CourtWyoming Supreme Court

G. Mark Garrison of Garrison & Bronnenberg, P.C., Cody, WYO, Representing Appellant.

Hoke MacMillan, Attorney General; Paul S. Rehurek, Deputy Attorney General; D. Michael Pauling, Senior Assistant Attorney General; and Georgia L. Tibbetts, Senior Assistant Attorney General, Cheyenne, WYO, Representing Appellee.

Before LEHMAN, C.J., and GOLDEN, HILL, KITE, and VOIGT, JJ.

VOIGT, Justice.

[¶ 1] Ty Charles Daugherty (appellant) was convicted of two burglaries. He was given a split sentence on the first burglary and sentencing was continued on the second burglary. After his probation was revoked, he was given a four-to-five year sentence on each crime, with the sentences to run concurrently. In these appeals, the appellant attacks the first sentence as violating the split sentencing statute and he attacks the second sentence as violating his right to speedy sentencing. [¶ 2] We affirm the sentence for the first burglary, but vacate the sentence for the second burglary. We further hold that, in the future, district courts utilizing the split sentencing statute must first impose a minimum and maximum sentence as required by statute and court rule, and we overrule previous holdings to the contrary.

ISSUES
1. Whether the sentence imposed by the district court in Case No. [01-13] was illegal?
2. Whether the district court violated [the appellant's] constitutional right to speedy sentencing [in Case No. 01-14]?
FACTS

[¶ 3] On June 3, 1996, a felony information was filed charging the appellant with burglary. This case, to which we will refer as the "first burglary," is the basis of Case No. 01-13. On November 22, 1996, a felony information was filed charging the appellant with another burglary. This case, to which we will refer as the "second burglary," is the basis of Case No. 01-14. On February 12, 1997, a combined hearing was held in the two cases, at which hearing the appellant entered guilty pleas to both burglaries. He was adjudicated guilty of both crimes and a presentence investigation was ordered.
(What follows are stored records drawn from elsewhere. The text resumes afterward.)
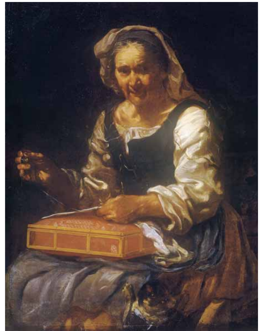
Eberhard KEIL (called Monsu Bernardo) An Old Woman with Needlework. 1650s Oil on canvas 98 by 76 cm

Orlov-Davydovs, nationalised in 1927–1931, which provided oil paintings, furniture and glass; and Rai-Semenovskoye, the estate of the Counts Nashchokins, previously Khutarevs, nationalised in 1927–1928, from which came furniture, paintings and books. Each of these groups of art objects in fact represents a random piece of an estate interior, formed starting from the late 18th century, rather than a specially established collection. The richest of them is the Semenovskoye-Otrada group, which provided such outstanding pieces of art as the painting by I. de Yauderville, a pupil of Rembrandt, "Scientist in his Study" (Inv. No. 38), and a carved table decorated with figures of atlantes designed by the architect G. Bosse and made by St. Petersburg's Isakov furniture workshop.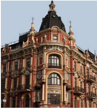
Отель Marriott Renaissance, Киев (проект «Защита от шума»)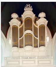
Kam & Van der Meulen (1840)

De orgels van de Grote of St.-Michaëlskerk en de St.-Franciscuskerk stonden in het centrum van de belangstelling: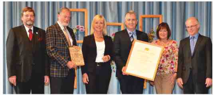
„Volle Punktzahl“ für den Steiner Friedhof

Die Stadt Stein hatte sich neben anderen Landkreis-Kommunen an dem landesweiten Wettbewerb mit dem städtischen Friedhof an der Albertus-Magnus-Straße beteiligt. Eine unabhängige Jury war von der Anlage des Friedhofes mit der neugeschaffenen Naturbestattungsanlage und dem zentralen Bachlauf sehr angetan und bewertete diesen Ort der Stille mit der höchsten Punktzahl. Die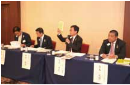
辻川キャビネット幹事よりライオンズクラブの手引き等のホームページの活用を説明して下さいました。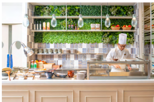
ライブキッチン（イメージ）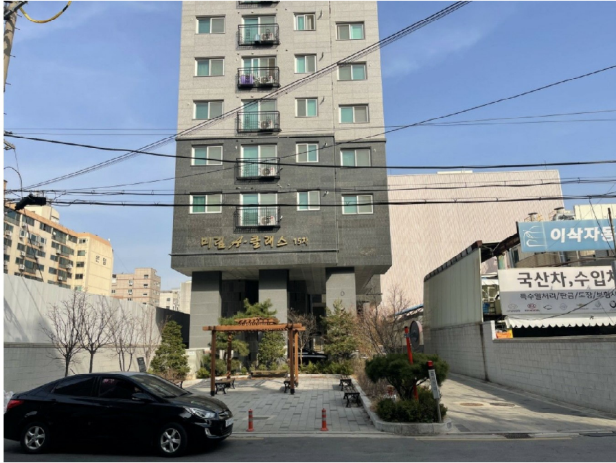
미림에이클래스 서측 전경 및 출입로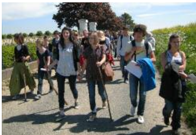
LES ÉLÈVES DE SAINT-NAZAIRE AU CIMETIÈRE MILITAIRE...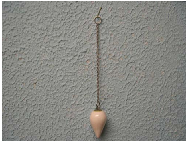
Le Pendule de SIKI

Pour recevoir des messages du Cosmique, il faut posséder un ou des moyens quelconques.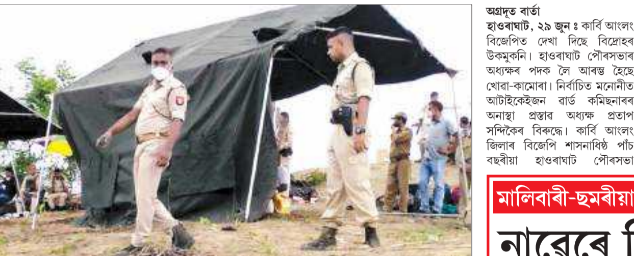
ফেপেৰি পাতি নগাই বেদখল কৰা দিটে ভেঙী সংৰক্ষিত বনাঞ্চলত অসম আৰক্ষীৰ বেটেলিয়ান শিবিৰ স্থাপন, মঙলবাৰে।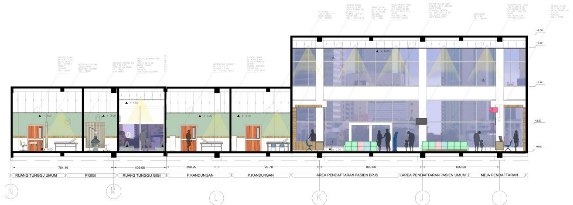
Gambar 2 Tampak B-B' Denah Khusus RSKIA Kota Bandung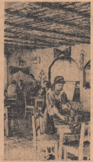
Un vin moldovenesc băut cu „Ocau lui Cuza“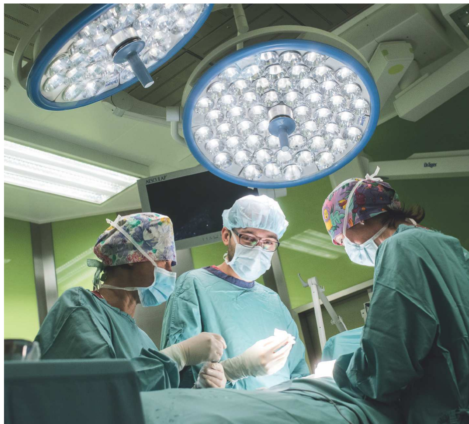
Publiczne szpitale w regionie otrzymają wsparcie w ramach specjalnego marszałkowskiego programu na zakup aparatury, środków ochronnych i dezynfekcyjnych.

Wśród planowanych zakupów m.in. 120 respiratorów, 12 ambulansów, aparatura do pozaustrojowego natleniania krwi, kardiomonitor, defibrylatory, aparaty RTG i USG, a także dedykowane systemy informatyczne. Te ostatnie to m.in. system do pracy zdalnej dla lekarzy radiologów, umożliwiający ocenę i opis materiału diagnostycznego poza szpitalem. Inne rozwiązanie teleinformatyczne pozwoli na zdalną komunikację głosową pacjentów z personelem pielęgniarskim. To narzędzie, wykorzystujące m.in. telefony komórkowe pacjentów i szpitalne wi-fi, wdrożymy na razie w Szpitalu Zakaźnym i Centrum Pulmonologii.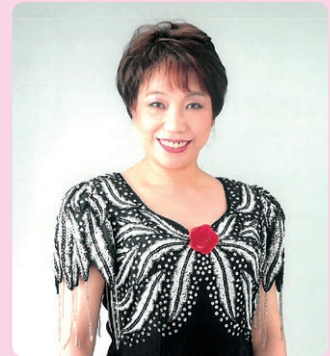
北山 さち プロフィール

大田原市(旧黒羽町)出身の演歌歌手 平成9年デビュー 平成11年キングレコード ヒット奨励賞受賞

[¶ 4] A sentencing hearing was held on June 20, 1997. The district court heard the testimony of witnesses and the arguments of counsel. The presentence investigation report and its recommendations were reviewed. Sentencing options, including incarceration and probation, were discussed. At the end of the hearing, the district court indicated that it had not yet reached a decision and that the matter would be continued. The hearing was then continued until June 26, 1997.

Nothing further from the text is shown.